Hoffe ihr habt einen Tipp für mich,

euer J-Dredd


----------



## evilgrin68 (13. Juni 2016)

*AW: SpeedFan - Warum sehe ich meine Lüfter nicht?*

Die Lüfter sind aber am Motherboard angeschlossen und nicht an der Lüftersteuerung im Case?


----------



## J-Dredd (13. Juni 2016)

*AW: SpeedFan - Warum sehe ich meine Lüfter nicht?*

Ja, alles am MB, CPU-Kühler auch, und alles dreht sich.


----------



## -Moof- (13. Juni 2016)

*AW: SpeedFan - Warum sehe ich meine Lüfter nicht?*

warum speedfan? benutze doch das MSI tool zu deinem Board... 

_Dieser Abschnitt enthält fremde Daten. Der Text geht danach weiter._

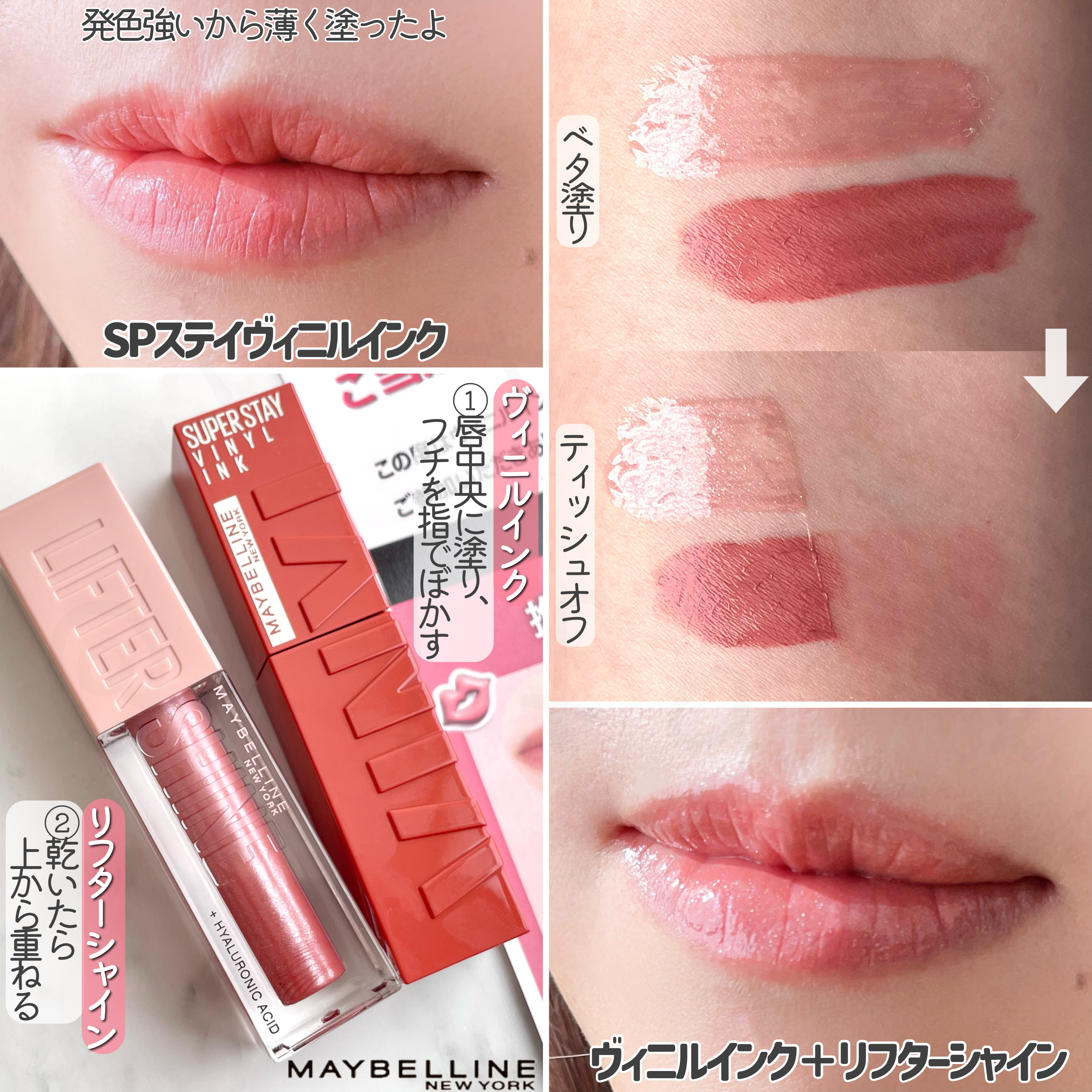 「落ちないヴィニルインク」×「ぷるっとしたリフターシャイン」で落ちないぷるツヤリップが続く※✨ 推し活でご飯食べても、おしゃべりしても落ちづらいリップでメイク崩れを気にせず、満喫できて嬉しい☺️👍🏻 ぷるっとヌードが作れるヴィニルインク60とリフターシャイン 003 使用
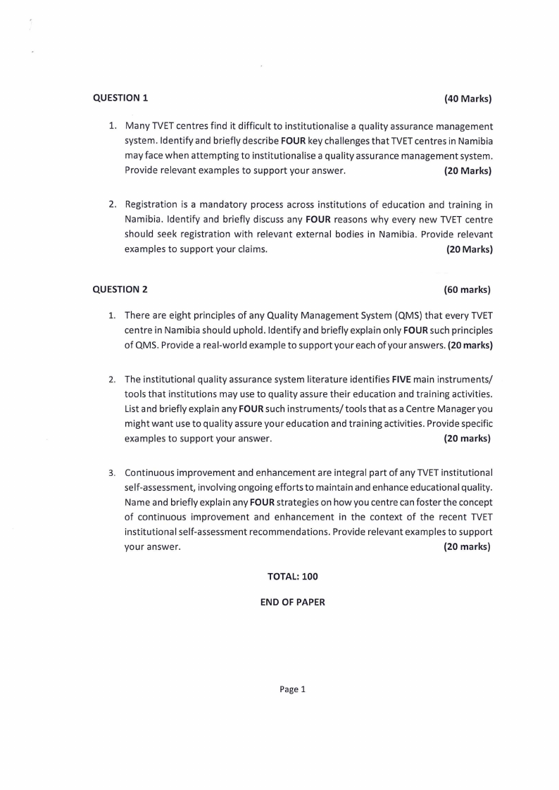1. Many TVETcentres find it difficult to institutionalise a quality assurance management

(ist das bei dir immernoch das:MSI H170A PC Mate?)

klick hier Support For H170A PC MATE | MSI Global | Motherboard - The world leader in motherboard design


gruß -moof-


----------



## J-Dredd (13. Juni 2016)

*AW: SpeedFan - Warum sehe ich meine Lüfter nicht?*

Äh ich verstehs nicht  aber beschweren tu ich mich auch nicht^^

Ich habe das MSI tool schon mal runtergelanden und das hat mir gesagt, es würde mit meinem MB nicht kompatibel sein.  Tja, jetzt noch mal deine verlinkte Version runtergeladen, und alle Lüfter werden erkannt, alles top! 

Vielen Dank für eure Hilfe ,

euer J-Dredd

Thread closed ^^


----------



## -Moof- (13. Juni 2016)

*AW: SpeedFan - Warum sehe ich meine Lüfter nicht?*

hi , komisch unter w10x64 das ComandCenter soll nicht funtionieren???

glaube du hast was falsches gezogen... versuchs nochmal...

Support For H170A PC MATE | MSI Global | Motherboard - The world leader in motherboard design


Edit ahhh zu spät gesehn, na dann HF..
gruß -moof-


----------



## J-Dredd (13. Juni 2016)

*AW: SpeedFan - Warum sehe ich meine Lüfter nicht?*

Super, und das CC ist auch viel übersichtlicher als SpeedFan! Ich denke, jetzt werde ich erstmal ordentlich an den Einstellungen drehen^^

Dake nochmal


----------